### [What you need to do]
Reproduce precisely the lines of the listing below, starting with the line that contains "BidoluelbiseAsimetrik Kesimli Uzun" and stopping after the line that contains "شرح کلی نیاز: تلویزیون"; include nothing else.

### [Source material]
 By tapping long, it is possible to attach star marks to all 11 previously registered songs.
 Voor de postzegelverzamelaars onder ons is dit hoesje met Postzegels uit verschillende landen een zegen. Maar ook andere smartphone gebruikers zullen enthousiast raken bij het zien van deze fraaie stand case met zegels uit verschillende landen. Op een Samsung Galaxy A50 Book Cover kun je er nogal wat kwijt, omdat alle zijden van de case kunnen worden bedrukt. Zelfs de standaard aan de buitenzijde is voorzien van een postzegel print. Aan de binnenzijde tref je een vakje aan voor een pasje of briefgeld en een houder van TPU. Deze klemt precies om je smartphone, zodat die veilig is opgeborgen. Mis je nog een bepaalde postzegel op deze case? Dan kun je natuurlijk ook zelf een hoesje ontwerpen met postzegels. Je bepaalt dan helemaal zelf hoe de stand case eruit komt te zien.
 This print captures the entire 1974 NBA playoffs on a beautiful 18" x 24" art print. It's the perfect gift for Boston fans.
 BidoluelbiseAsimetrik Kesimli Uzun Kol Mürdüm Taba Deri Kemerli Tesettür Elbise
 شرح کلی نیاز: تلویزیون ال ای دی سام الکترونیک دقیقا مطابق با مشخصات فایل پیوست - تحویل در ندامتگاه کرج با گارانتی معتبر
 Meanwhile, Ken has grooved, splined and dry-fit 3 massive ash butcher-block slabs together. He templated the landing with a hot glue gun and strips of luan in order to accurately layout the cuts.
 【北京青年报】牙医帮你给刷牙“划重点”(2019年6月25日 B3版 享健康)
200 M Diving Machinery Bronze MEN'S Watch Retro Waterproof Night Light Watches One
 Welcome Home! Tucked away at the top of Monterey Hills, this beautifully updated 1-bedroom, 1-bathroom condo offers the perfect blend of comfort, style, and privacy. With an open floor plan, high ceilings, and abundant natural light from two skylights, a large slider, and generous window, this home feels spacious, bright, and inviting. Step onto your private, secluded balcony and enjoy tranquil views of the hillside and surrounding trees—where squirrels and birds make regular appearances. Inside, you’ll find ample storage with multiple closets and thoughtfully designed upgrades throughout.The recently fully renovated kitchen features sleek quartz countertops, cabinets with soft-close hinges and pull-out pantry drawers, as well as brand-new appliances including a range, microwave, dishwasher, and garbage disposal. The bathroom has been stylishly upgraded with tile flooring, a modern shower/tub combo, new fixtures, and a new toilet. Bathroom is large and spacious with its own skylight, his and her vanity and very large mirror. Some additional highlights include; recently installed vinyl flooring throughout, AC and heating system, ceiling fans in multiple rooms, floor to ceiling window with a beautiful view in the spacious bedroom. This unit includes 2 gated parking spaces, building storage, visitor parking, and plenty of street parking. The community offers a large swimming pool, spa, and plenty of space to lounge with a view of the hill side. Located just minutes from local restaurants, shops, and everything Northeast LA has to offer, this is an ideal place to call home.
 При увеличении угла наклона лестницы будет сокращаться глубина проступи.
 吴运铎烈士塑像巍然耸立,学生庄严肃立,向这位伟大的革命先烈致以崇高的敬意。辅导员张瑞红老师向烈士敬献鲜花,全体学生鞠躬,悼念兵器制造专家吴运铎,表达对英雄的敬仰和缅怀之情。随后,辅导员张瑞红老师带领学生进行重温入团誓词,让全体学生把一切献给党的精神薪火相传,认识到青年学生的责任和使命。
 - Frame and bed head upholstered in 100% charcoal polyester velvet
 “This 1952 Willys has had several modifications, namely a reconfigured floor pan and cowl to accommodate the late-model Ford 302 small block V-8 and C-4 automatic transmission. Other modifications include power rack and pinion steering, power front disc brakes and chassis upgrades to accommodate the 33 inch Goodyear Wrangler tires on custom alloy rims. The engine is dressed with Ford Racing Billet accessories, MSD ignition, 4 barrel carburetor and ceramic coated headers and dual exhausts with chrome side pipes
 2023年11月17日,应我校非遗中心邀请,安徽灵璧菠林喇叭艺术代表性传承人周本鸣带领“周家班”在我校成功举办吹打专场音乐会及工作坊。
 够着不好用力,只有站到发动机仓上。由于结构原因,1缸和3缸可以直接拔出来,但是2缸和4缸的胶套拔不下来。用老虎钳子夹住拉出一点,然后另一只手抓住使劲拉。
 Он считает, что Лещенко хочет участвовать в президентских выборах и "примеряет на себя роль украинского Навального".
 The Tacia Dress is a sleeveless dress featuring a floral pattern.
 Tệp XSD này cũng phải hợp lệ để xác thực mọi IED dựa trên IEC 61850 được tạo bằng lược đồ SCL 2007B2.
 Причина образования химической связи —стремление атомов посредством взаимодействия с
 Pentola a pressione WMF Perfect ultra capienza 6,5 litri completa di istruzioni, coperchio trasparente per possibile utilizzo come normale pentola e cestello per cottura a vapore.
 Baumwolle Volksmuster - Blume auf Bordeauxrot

### [Completed exercise]
 BidoluelbiseAsimetrik Kesimli Uzun Kol Mürdüm Taba Deri Kemerli Tesettür Elbise
 شرح کلی نیاز: تلویزیون ال ای دی سام الکترونیک دقیقا مطابق با مشخصات فایل پیوست - تحویل در ندامتگاه کرج با گارانتی معتبر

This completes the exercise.